Remedy Logic, 1177 Avenue of the Americas, 5th Floor, New York, NY, 10036, USA.
Hospital for Special Surgery, 535 East 70th Street, New York, NY, 10021, USA.
Eur Spine J. 2024 Mar;33(3):941-948. doi: 10.1007/s00586-023-08089-2. Epub 2023 Dec 27.
To develop a three-stage convolutional neural network (CNN) approach to segment anatomical structures, classify the presence of lumbar spinal stenosis (LSS) for all 3 stenosis types: central, lateral recess and foraminal and assess its severity on spine MRI and to demonstrate its efficacy as an accurate and consistent diagnostic tool.
The three-stage model was trained on 1635 annotated lumbar spine MRI studies consisting of T2-weighted sagittal and axial planes at each vertebral level. Accuracy of the model was evaluated on an external validation set of 150 MRI studies graded on a scale of absent, mild, moderate or severe by a panel of 7 radiologists. The reference standard for all types was determined by majority voting and in case of disagreement, adjudicated by an external radiologist. The radiologists' diagnoses were then compared to the diagnoses of the model.
The model showed comparable performance to the radiologist average both in terms of the determination of presence/absence of LSS as well as severity classification, for all 3 stenosis types. In the case of central canal stenosis, the sensitivity, specificity and AUROC of the CNN were (0.971, 0.864, 0.963) for binary (presence/absence) classification compared to the radiologist average of (0.786, 0.899, 0.842). For lateral recess stenosis, the sensitivity, specificity and AUROC of the CNN were (0.853, 0.787, 0.907) compared to the radiologist average of (0.713, 0.898, 805). For foraminal stenosis, the sensitivity, specificity and AUROC of the CNN were (0.942, 0.844, 0.950) compared to the radiologist average of (0.879, 0.877, 0.878). Multi-class severity classifications showed similarly comparable statistics.
The CNN showed comparable performance to radiologist subspecialists for the detection and classification of LSS. The integration of neural network models in the detection of LSS could bring higher accuracy, efficiency, consistency, and post-hoc interpretability in diagnostic practices.
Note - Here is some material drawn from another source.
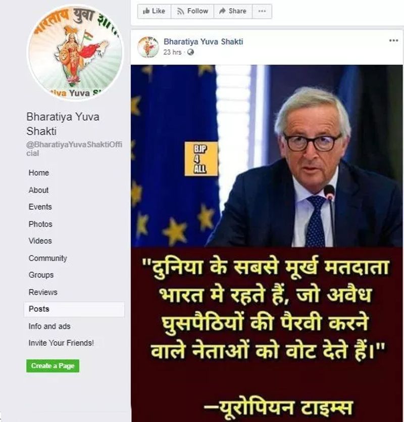 ‘ಯುರೋಪಿಯನ್ ಟೈಮ್ಸ್ ಎಂಬ ದಿನಪತ್ರಿಕೆ ವಿಶ್ವದಲ್ಲಿಯೇ ಅತಿ ಮೂರ್ಖ ಮತದಾರರು ಭಾರತದಲ್ಲಿದ್ದಾರೆ’ ಎಂದು ವರದಿ ಮಾಡಿದೆ ಎಂಬ ಸಂದೇಶವೊಂದು ಸಾಮಾಜಿಕ ಜಾಲತಾಣಗಳಲ್ಲಿ ಹರಿದಾಡುತ್ತಿದೆ. ಯುರೋಪಿಯನ್ ಕಮಿಷನ್ ಅಧ್ಯಕ್ಷ ಜೀನ್-ಕ್ಲೂಡೆ ಜಂಕರ್ ಅವರ ಫೋಟೋದೊಂದಿಗೆ,‘ವಿಶ್ವದ ಅತಿ ಮೂರ್ಖ ಮತದಾರರು ಭಾರತದಲ್ಲಿದ್ದಾರೆ. ಅವರು ಅಕ್ರಮಗಳಿಗೆ ಲಾಭಿ ಮಾಡುವವರಿಗೆ ಮತ ಹಾಕುತ್ತಾರೆ-ಯುರೋಪಿಯನ್ ಟೈಮ್ಸ್’ ಎಂದು ಬರೆದು ಪೋಸ್ಟ್ ಮಾಡಲಾಗಿದೆ. ಇದನ್ನು ಸಾವಿರಾರು ಜನರು ಈ ಸಂದೇಶವನ್ನು ಶೇರ್ ಮಾಡಿದ್ದಾರೆ. ಫೋಟೋದಲ್ಲಿ ‘ಬಿಜೆಪಿ4 ಆಲ್’ ಎಂಬ ಲೋಗೋ ಕೂಡ ಇದೆ. ಮತ್ತೆ ಕೆಲವು ಪೋಸ್ಟ್ಗಳಲ್ಲಿ ಈ ಸಂದೇಶದ ಜೊತೆಗೆ ರೊಹಿಂಗ್ಯಾಗಳ ಹೆಸರನ್ನೂ ಸೇರಿಸಿ ಶೇರ್ ಮಾಡಲಾಗಿದೆ.

开发一种三阶段卷积神经网络(CNN)方法来分割解剖结构,对所有 3 种狭窄类型(中央型、侧隐窝型和椎间孔型)的腰椎椎管狭窄症(LSS)进行分类,并评估其在脊柱 MRI 上的严重程度,并证明其作为一种准确和一致的诊断工具的有效性。
该三阶段模型在由每个椎骨水平的 T2 加权矢状面和轴位组成的 1635 个标注腰椎 MRI 研究上进行了训练。该模型的准确性在由 7 位放射科医生组成的小组对 150 个 MRI 研究进行分级的缺失、轻度、中度或重度的外部验证集上进行了评估。所有类型的参考标准都是通过多数投票确定的,如果存在分歧,则由外部放射科医生进行裁决。然后将放射科医生的诊断与模型的诊断进行比较。
该模型在确定 LSS 的存在/缺失以及严重程度分类方面,与放射科医生的平均水平相比,在所有 3 种狭窄类型上都表现出了相当的性能。在中央椎管狭窄的情况下,CNN 的敏感性、特异性和 AUROC 分别为(0.971、0.864、0.963),用于二进制(存在/缺失)分类,而放射科医生的平均值为(0.786、0.899、0.842)。对于侧隐窝狭窄,CNN 的敏感性、特异性和 AUROC 分别为(0.853、0.787、0.907),而放射科医生的平均值为(0.713、0.898、805)。对于椎间孔狭窄,CNN 的敏感性、特异性和 AUROC 分别为(0.942、0.844、0.950),而放射科医生的平均值为(0.879、0.877、0.878)。多类严重程度分类显示出类似的可比统计数据。
CNN 在检测和分类 LSS 方面与放射科专家表现相当。在 LSS 的检测中整合神经网络模型,可以在诊断实践中提高准确性、效率、一致性和后处理可解释性。